**What you should do**
Leave out the pictures, then return the records word for word.

**Data under study**
---+---
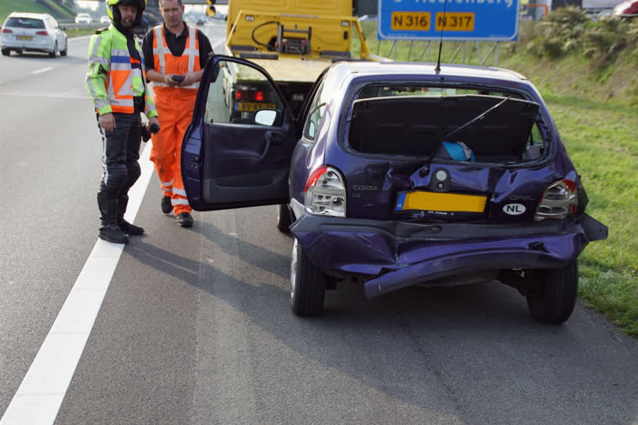 De inzittenden van de twee auto’s werden door de hulpdiensten gecontroleerd, maar er hoefde niemand mee naar het ziekenhuis. Tot de voertuigen weggesleept waren heeft de politie het verkeer over één rijbaan geleid.
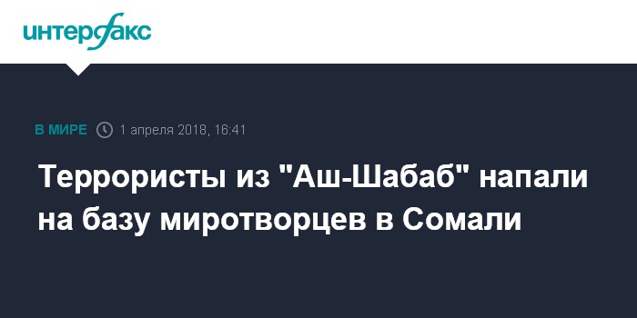 Москва. 1 апреля. INTERFAX.RU - Боевики из террористической группировки "Аш-Шабаб" совершили нападение на базу миротворцев из Организации африканского единства в Сомали, сообщают в воскресенье СМИ со ссылками на источники в армейских кругах.
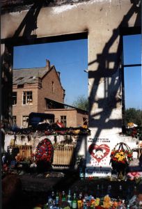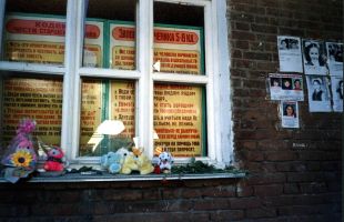 Ляна: Они с братом раньше пошли, а я с мамой позже пошла. Потом мы в спортзале встретились. Мы посередине с мамой, а брат совсем на углу. Елена Фанайлова: То есть вы и разговаривать-то не могли? Ляна: Нас мама не пускала. Стреляли, но я не боялась. У меня вот здесь перелом и осколок. Елена Фанайлова: Это кисть. Ляночка, ты показываешь на кисть. Ляна: Наверное, это палец. Или вот здесь, рядом болит. Вот здесь перелом, а здесь осколок. Перевязку делали. Палец болит только. Елена Фанайлова: Рука правая - неудобно одеваться, умываться? Ляна: Я почти уже левша. (Смеется) Елена Фанайлова: Ты левой рукой пишешь? Ляна: Да, уже начала. (Смеется) Елена Фанайлова: "Город ангелов" - так кто-то недавно назвал Беслан. Наверное, так смеются раненые ангелы, когда собираются выздоравливать: Звучит песня осетинского рэпера Денислана Дудова: - Посвящается всем пострадавшим и погибшим в результате захвата школы города Беслана, Северная Осетия. Мы скорбим вместе с вами. Сентябрь. Осетия. Солнечный день. Елена Фанайлова: Голый кирпичный закопченный каркас, выбитые стекла, крыша покорежена взрывом... Бесланская школа номер 1 на глазах людей стала мемориалом скорби. Горожане ходят сюда каждый день. Школа обложена по периметру живыми цветами, сгоревший пол спортзала выложен венками. На стене - распятие. Все это кажется моментальной фотографией ада. Олег Кусов: Рассказывает бывший заложник Аслан Тебиев. Аслан Тебиев: Кто ругался, кто держался: В основном, старшее поколение, женщины - они уже морально не выносили. Душно было, воды не было. Люди как бы полусонные были. Уже даже не понимали, что делают. Они говорили сперва: "Выпустим", потом сказали: "Молитесь. Кто попадет в ад, кто - в рай. Пока у нас оружие есть, будем отбиваться, а потом все умрем". У детей, во-первых, шок был. Многие уже как бы с ума сходили, не понимали, что делали. Многие теряли сознание - их даже выносили. Вот ребенок уже мертвый - запрещали вынести. А детей их даже не слушали, они кричали, орали, плакали. С кем война? С детьми? Ничтожества! Да они даже не фанатики, это как роботы были. Их подготовили к этому, кому-то это нужно было. Три дня без сна, они как нелюди ходили, их даже на сон не тянуло. Олег Кусов: Третьеклассник Ацамаз Доев 1 сентября пришел в школу вместе с братом, первоклассником Давидом, и мамой Фатимой. Все три дня они просидели в спортзале рядом. Ацамаз сказал мне, что в такой ситуации он не имел права умирать, поскольку считал себя ответственным за жизнь близких людей. Ацамаз Доев: Особенно за брата. Олег Кусов: Но он же тоже мужчина. Ацамаз Доев: Ну, он младший, сильней боялся. От мамы никуда не уходил. Даже если в туалет хотел, я не шел - маму не оставлял. Олег Кусов: У его мамы, Фатимы, напротив, не было никакой уверенности в том, что она и ее дети выйдут из школы живыми. Но Фатиме посчастливилось остаться в живых, хотя она и получила осколочное ранение в ногу. Фатима: Все время они кнопки какие-то переключали. Я думала: если даже уйдут, то все равно это все подзорвут. Но почему-то у них другое отношение было на третий день, уже во время штурма, - сами нас водой поили, ведрами давали: "Только не бойтесь, мы вас не убьем". Это уже было в столовой, там откуда-то печенья было две коробки, большие пластмассовые из-под пива чашки, очень много воды. И сами же нам ведрами несли воду. Говорили: "Кричите в окна и машите занавесками, чтобы пер
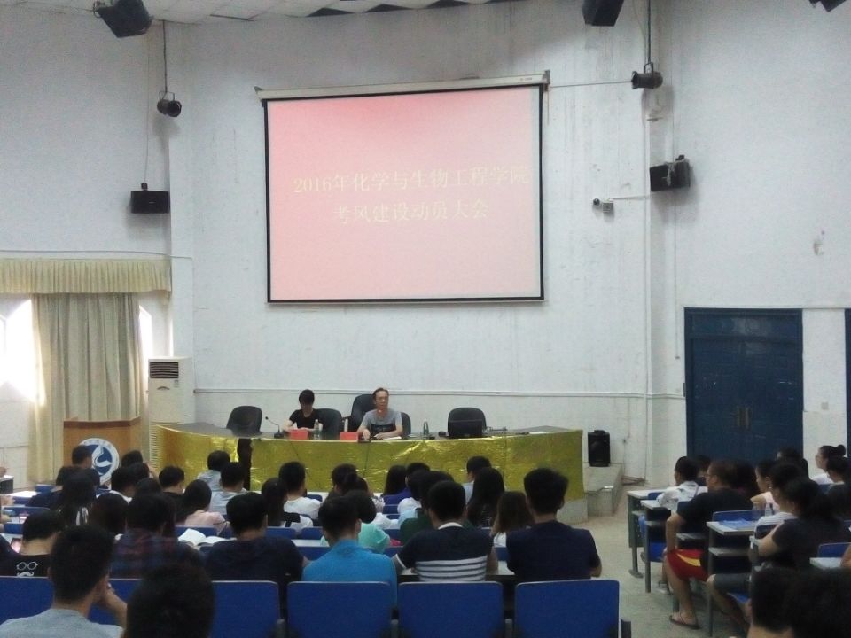 本网讯(通讯员 夏慧聪)6月14日上午,化学与生物工程学院在日新楼212召开2016年上期考试动员大会,组织全院学生集中学习《安博官网app考试违规处理办法》,强化学生诚信考试意识。
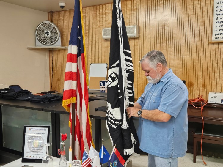 MIA Table in remembrance of our brothers still missing and the plaque explaining the meaning of each item represented. Table set up by Neil Neil C. Johnson, President Chapter 1076, DAV Commander Honor Guard, State Council Delagate and Secretary.
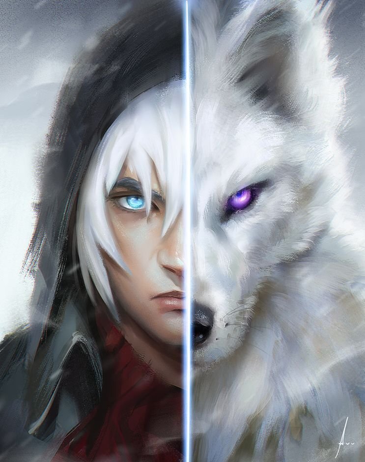 Дед хмыкнул, и вот уже напротив черного волка стоял опустив голову и сверкая глазами, белый волк.
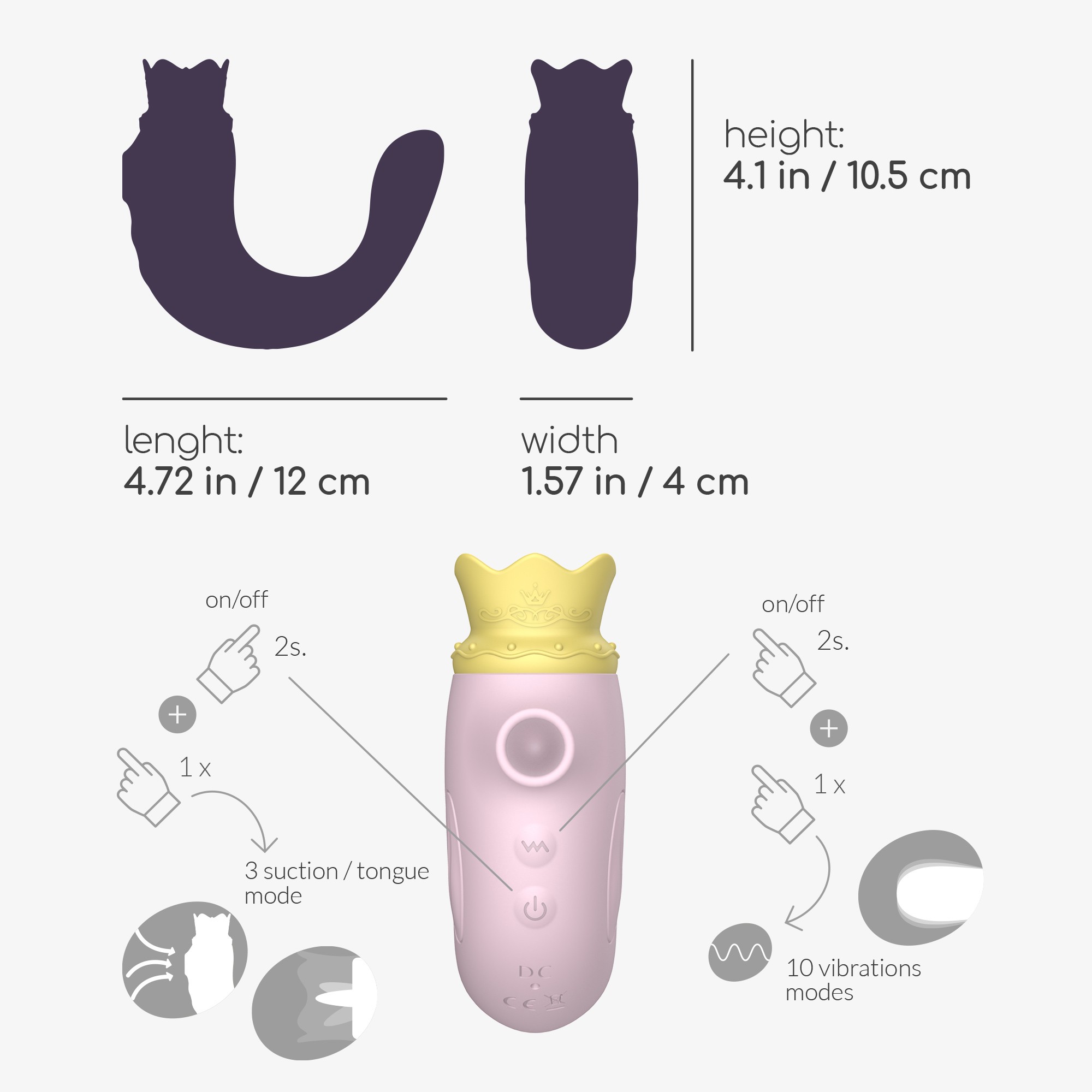 - Allumez l'appareil et familiarisez-vous avec les commandes : parcourez les 3 modes de succion/langue (sur la tête) et les 10 modes de vibration (sur la queue).
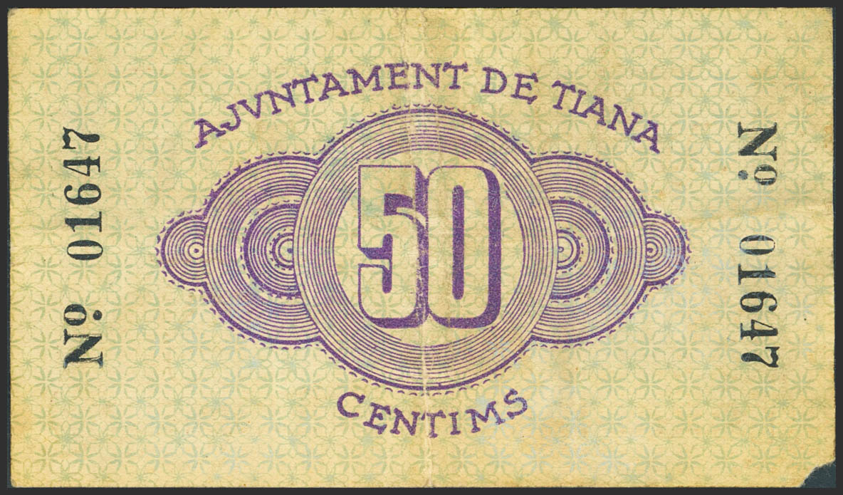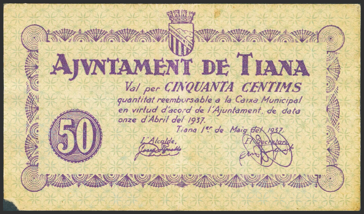 TIANA (BARCELONA). 50 Céntimos. 11 de Abril de 1937. (González: 10255). MBC.
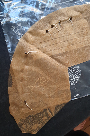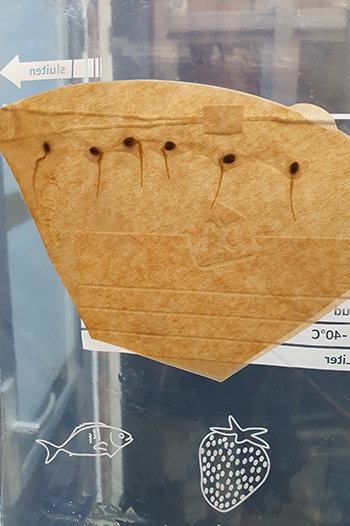 Nou ja, de wietsoort Mohammed dan. Ik heb daarvoor zes zaden laten ontkiemen, waarvan ik de beste vijf in de kweekkast heb gezet. Uiteraard weer op de gebruikelijke manier in een koffiefilter, verticaal opgehangen in een gripzak. Ik doe dit altijd zo, simpelweg omdat het zo altijd lukt. Door het zakje heen zie je meteen wanneer de zaden ontkiemd zijn, en bovendien groeien de worteltjes op deze manier kaarsrecht, zodat je ze gemakkelijk kunt poten.
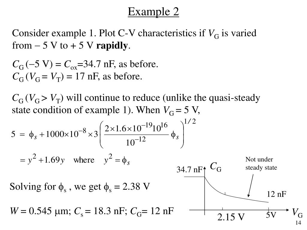 Not under steady state CG 34.7 nF 12 nF VG 5V 2.15 V Example 2 Consider example 1. Plot C-V characteristics if VG is varied from 5 V to + 5 V rapidly. CG (5 V) = Cox=34.7 nF, as before. CG (VG = VT) = 17 nF, as before. CG (VG > VT) will continue to reduce (unlike the quasi-steady state condition of example 1). When VG = 5 V, Solving for s , we get s = 2.38 V W = 0.545 m; Cs = 18.3 nF; CG= 12 nF
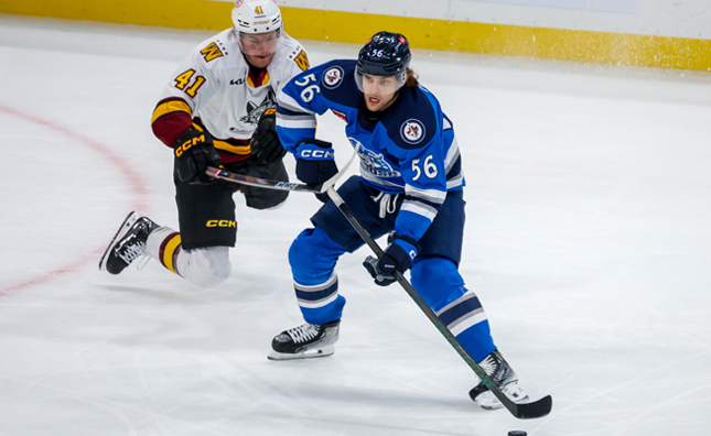 The Moose nearly grabbed the lead in the opening minutes of the third when Walker Duehr hit the post, and Miftakhov robbed Nikita Chibrikov in tight. Chicago broke the deadlock moments later as Nadeau got his second of the game with a deflection to make it 2-1. Felix Unger Sorum added a late tally of his own for some insurance, before Nikita Pavlychev iced a 4-1 victory for the Wolves with an empty-netter. Miftakhov made 23 saves in the win, while DiVincentiis turned away 26 shots.
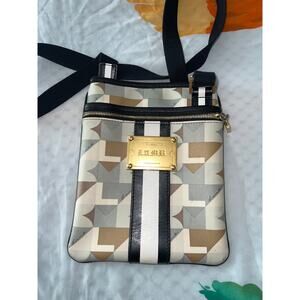 Authentic L.A.M.B. crossbody bag with signature geometric logo print in beige, tan, and gray tones. Features bold black and white center stripe, front gold logo plate, zip closure, and adjustable canvas strap. Compact and lightweight, perfect for daily wear. Excellent condition.
---+---
**Task response**
 De inzittenden van de twee auto’s werden door de hulpdiensten gecontroleerd, maar er hoefde niemand mee naar het ziekenhuis. Tot de voertuigen weggesleept waren heeft de politie het verkeer over één rijbaan geleid.
 Москва. 1 апреля. INTERFAX.RU - Боевики из террористической группировки "Аш-Шабаб" совершили нападение на базу миротворцев из Организации африканского единства в Сомали, сообщают в воскресенье СМИ со ссылками на источники в армейских кругах.
 Ляна: Они с братом раньше пошли, а я с мамой позже пошла. Потом мы в спортзале встретились. Мы посередине с мамой, а брат совсем на углу. Елена Фанайлова: То есть вы и разговаривать-то не могли? Ляна: Нас мама не пускала. Стреляли, но я не боялась. У меня вот здесь перелом и осколок. Елена Фанайлова: Это кисть. Ляночка, ты показываешь на кисть. Ляна: Наверное, это палец. Или вот здесь, рядом болит. Вот здесь перелом, а здесь осколок. Перевязку делали. Палец болит только. Елена Фанайлова: Рука правая - неудобно одеваться, умываться? Ляна: Я почти уже левша. (Смеется) Елена Фанайлова: Ты левой рукой пишешь? Ляна: Да, уже начала. (Смеется) Елена Фанайлова: "Город ангелов" - так кто-то недавно назвал Беслан. Наверное, так смеются раненые ангелы, когда собираются выздоравливать: Звучит песня осетинского рэпера Денислана Дудова: - Посвящается всем пострадавшим и погибшим в результате захвата школы города Беслана, Северная Осетия. Мы скорбим вместе с вами. Сентябрь. Осетия. Солнечный день. Елена Фанайлова: Голый кирпичный закопченный каркас, выбитые стекла, крыша покорежена взрывом... Бесланская школа номер 1 на глазах людей стала мемориалом скорби. Горожане ходят сюда каждый день. Школа обложена по периметру живыми цветами, сгоревший пол спортзала выложен венками. На стене - распятие. Все это кажется моментальной фотографией ада. Олег Кусов: Рассказывает бывший заложник Аслан Тебиев. Аслан Тебиев: Кто ругался, кто держался: В основном, старшее поколение, женщины - они уже морально не выносили. Душно было, воды не было. Люди как бы полусонные были. Уже даже не понимали, что делают. Они говорили сперва: "Выпустим", потом сказали: "Молитесь. Кто попадет в ад, кто - в рай. Пока у нас оружие есть, будем отбиваться, а потом все умрем". У детей, во-первых, шок был. Многие уже как бы с ума сходили, не понимали, что делали. Многие теряли сознание - их даже выносили. Вот ребенок уже мертвый - запрещали вынести. А детей их даже не слушали, они кричали, орали, плакали. С кем война? С детьми? Ничтожества! Да они даже не фанатики, это как роботы были. Их подготовили к этому, кому-то это нужно было. Три дня без сна, они как нелюди ходили, их даже на сон не тянуло. Олег Кусов: Третьеклассник Ацамаз Доев 1 сентября пришел в школу вместе с братом, первоклассником Давидом, и мамой Фатимой. Все три дня они просидели в спортзале рядом. Ацамаз сказал мне, что в такой ситуации он не имел права умирать, поскольку считал себя ответственным за жизнь близких людей. Ацамаз Доев: Особенно за брата. Олег Кусов: Но он же тоже мужчина. Ацамаз Доев: Ну, он младший, сильней боялся. От мамы никуда не уходил. Даже если в туалет хотел, я не шел - маму не оставлял. Олег Кусов: У его мамы, Фатимы, напротив, не было никакой уверенности в том, что она и ее дети выйдут из школы живыми. Но Фатиме посчастливилось остаться в живых, хотя она и получила осколочное ранение в ногу. Фатима: Все время они кнопки какие-то переключали. Я думала: если даже уйдут, то все равно это все подзорвут. Но почему-то у них другое отношение было на третий день, уже во время штурма, - сами нас водой поили, ведрами давали: "Только не бойтесь, мы вас не убьем". Это уже было в столовой, там откуда-то печенья было две коробки, большие пластмассовые из-под пива чашки, очень много воды. И сами же нам ведрами несли воду. Говорили: "Кричите в окна и машите занавесками, чтобы пер
 本网讯(通讯员 夏慧聪)6月14日上午,化学与生物工程学院在日新楼212召开2016年上期考试动员大会,组织全院学生集中学习《安博官网app考试违规处理办法》,强化学生诚信考试意识。
 MIA Table in remembrance of our brothers still missing and the plaque explaining the meaning of each item represented. Table set up by Neil Neil C. Johnson, President Chapter 1076, DAV Commander Honor Guard, State Council Delagate and Secretary.
 Дед хмыкнул, и вот уже напротив черного волка стоял опустив голову и сверкая глазами, белый волк.
 - Allumez l'appareil et familiarisez-vous avec les commandes : parcourez les 3 modes de succion/langue (sur la tête) et les 10 modes de vibration (sur la queue).
 TIANA (BARCELONA). 50 Céntimos. 11 de Abril de 1937. (González: 10255). MBC.
 Nou ja, de wietsoort Mohammed dan. Ik heb daarvoor zes zaden laten ontkiemen, waarvan ik de beste vijf in de kweekkast heb gezet. Uiteraard weer op de gebruikelijke manier in een koffiefilter, verticaal opgehangen in een gripzak. Ik doe dit altijd zo, simpelweg omdat het zo altijd lukt. Door het zakje heen zie je meteen wanneer de zaden ontkiemd zijn, en bovendien groeien de worteltjes op deze manier kaarsrecht, zodat je ze gemakkelijk kunt poten.
 Not under steady state CG 34.7 nF 12 nF VG 5V 2.15 V Example 2 Consider example 1. Plot C-V characteristics if VG is varied from 5 V to + 5 V rapidly. CG (5 V) = Cox=34.7 nF, as before. CG (VG = VT) = 17 nF, as before. CG (VG > VT) will continue to reduce (unlike the quasi-steady state condition of example 1). When VG = 5 V, Solving for s , we get s = 2.38 V W = 0.545 m; Cs = 18.3 nF; CG= 12 nF
 The Moose nearly grabbed the lead in the opening minutes of the third when Walker Duehr hit the post, and Miftakhov robbed Nikita Chibrikov in tight. Chicago broke the deadlock moments later as Nadeau got his second of the game with a deflection to make it 2-1. Felix Unger Sorum added a late tally of his own for some insurance, before Nikita Pavlychev iced a 4-1 victory for the Wolves with an empty-netter. Miftakhov made 23 saves in the win, while DiVincentiis turned away 26 shots.
 Authentic L.A.M.B. crossbody bag with signature geometric logo print in beige, tan, and gray tones. Features bold black and white center stripe, front gold logo plate, zip closure, and adjustable canvas strap. Compact and lightweight, perfect for daily wear. Excellent condition.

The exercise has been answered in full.